--- Data shown ---
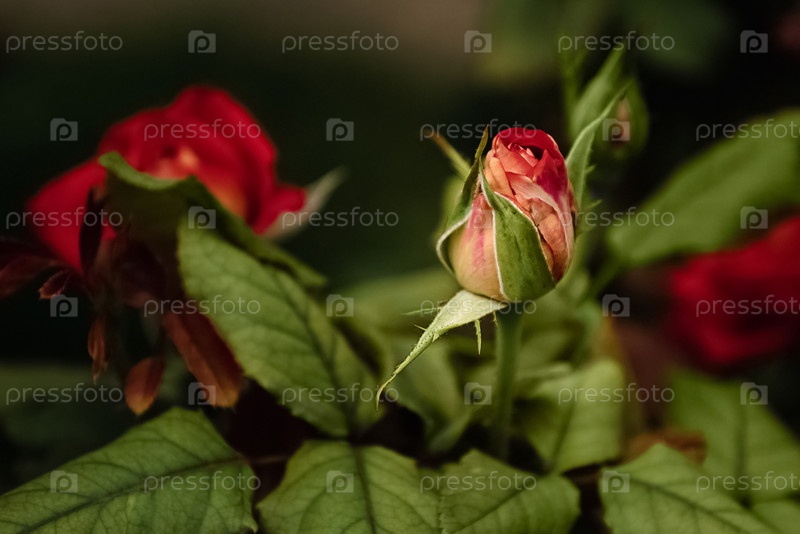 Бутон алой розы в саду крупным планом
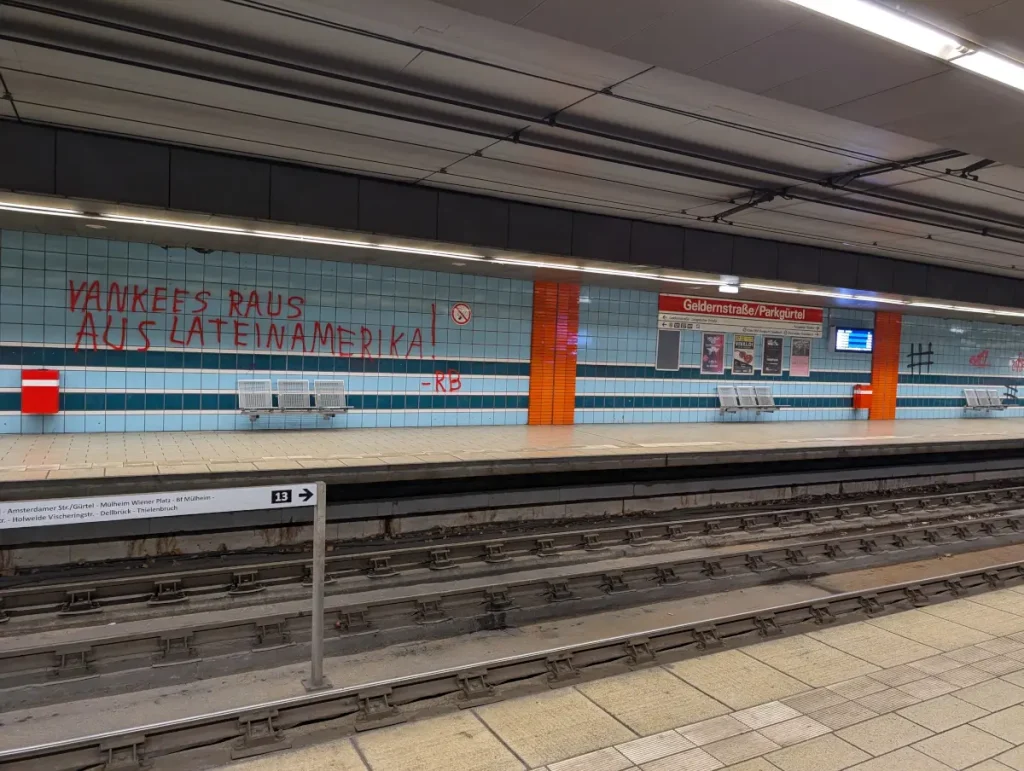 En Essen, Alemania, se realizó una concentración exprés denunciando al imperialismo yanqui contra Venezuela y otros pueblos del mundo y se repartió el volante de la LAI. Para finalizar, se quemó una bandera yanqui, acción que los vecinos respondieron abriendo sus ventanas y gritando “¡Viva Palestina!”.
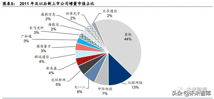 截止 2020 年末,2011 年及以后新上市公司对应市值总额为 5185.3 亿元,其中亿联网络、 中际旭创、七一二、光环新网、新易盛、移远通信、广和通、国盾量子等贡献了绝大部分 增量市值。从所属细分领域来看,上述公司集中在云计算、物联网、企业视频等领域,受 益于流量增长、企业信息化水平提升以及中国工程师红利构建起的全球比较优势。

--- Task item ---
No pictures, please. Output the listing above exactly as it stands.

--- Expected output ---
 Бутон алой розы в саду крупным планом
 En Essen, Alemania, se realizó una concentración exprés denunciando al imperialismo yanqui contra Venezuela y otros pueblos del mundo y se repartió el volante de la LAI. Para finalizar, se quemó una bandera yanqui, acción que los vecinos respondieron abriendo sus ventanas y gritando “¡Viva Palestina!”.
 截止 2020 年末,2011 年及以后新上市公司对应市值总额为 5185.3 亿元,其中亿联网络、 中际旭创、七一二、光环新网、新易盛、移远通信、广和通、国盾量子等贡献了绝大部分 增量市值。从所属细分领域来看,上述公司集中在云计算、物联网、企业视频等领域,受 益于流量增长、企业信息化水平提升以及中国工程师红利构建起的全球比较优势。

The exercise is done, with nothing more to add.